# The Bisley..........



## Bob Wright (May 10, 2006)

When I was a teenager, I had some experience with an old Colt Bisley in .41 Colt. This was a borrowed gun, and I had only a minimum experience with it, but I was curious about it. Later, as a young soldier, I bought my first Ruger, a .357 Blackhawk. I was based at Camp Roberts, California, and was not too far from San Francisco, home of that pistolsmith, F. Bob Chow.

I wrote Chow about the possibility of makin me a Bisley style grip frame to fit my Blackhawk, using brass or steel. I had thought brass would be a little cheaper.

Chow wrote back that the project would be way too expensive, as it would be a one-of-a-kind hand made proposition, and the cost would be as much as the gun itself had cost, a whopping $85.00!

Some fifty years later:









Bob Wright


----------



## Blkhawk73 (Sep 2, 2006)

A man after my own heart.

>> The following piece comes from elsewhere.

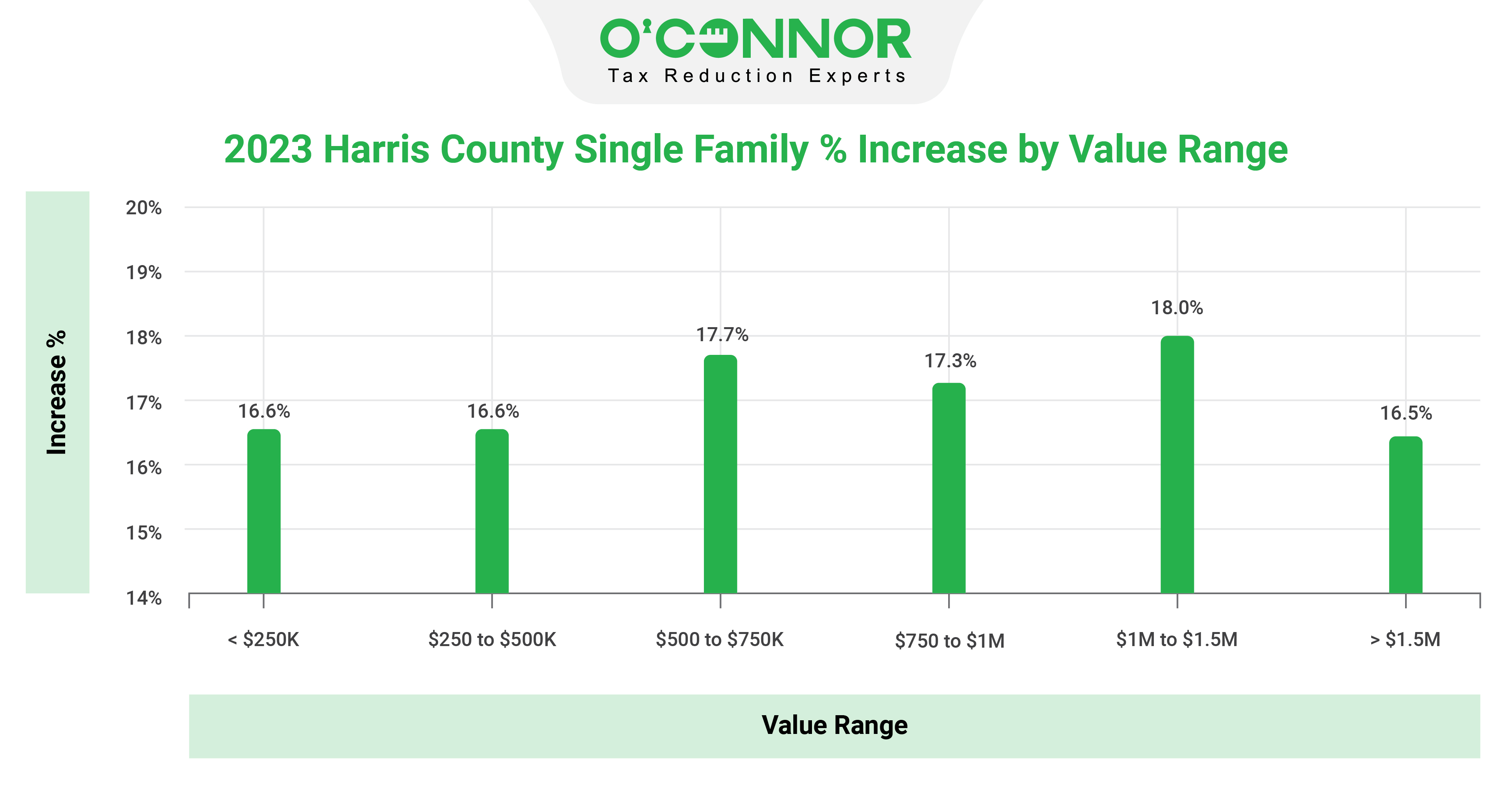HOUSTON, TX, UNITED STATES, April 11, 2023/EINPresswire.com/ -- Harris County home owners are being taxed based on 116.2% of the value of their property, based on an analysis by O’Connor, an expert in property tax consulting and appraisal services. Over 90% of Harris County home owners received notices of assessed value that exceed the market value of the property. Before considering protests of the 2023 value, the excess assessment will generate excess property taxes of $1,365,000,000 for Harris County home owners according to O’Connor.An estimated 90% of Harris County houses are valued in excess of the January 2023 market value based on a study of over 50,000 Harris County single-family sales from January 2022 to March 2023. Home sale prices were adjusted for market conditions since values spiked upward in 2022 and then declined in 2023 to just above the January 2022 level. The comprehensive study includes houses, lots, condos, townhomes, duplexes, triplexes, fourplexes, etc.

I really like the Bisleys. :smt023 ( now and another on it's way. Interesting to note that one company actually did produce some of the Bisley grip frames in brass. I've seen a few and they do look nice. Maybe someday I'll have the $ when one becomes available. Last I saw, they do cost about as much as the gun does currently. :smt022


----------



## Baldy (Jun 21, 2006)

Good looking revolver you have there Bob. Love them old cowboy guns. Good luck with it.:smt1099


----------



## Frank V (Aug 5, 2007)

Bob, that is one beautiful gun. Bet it shoots as well as it looks. Frank


----------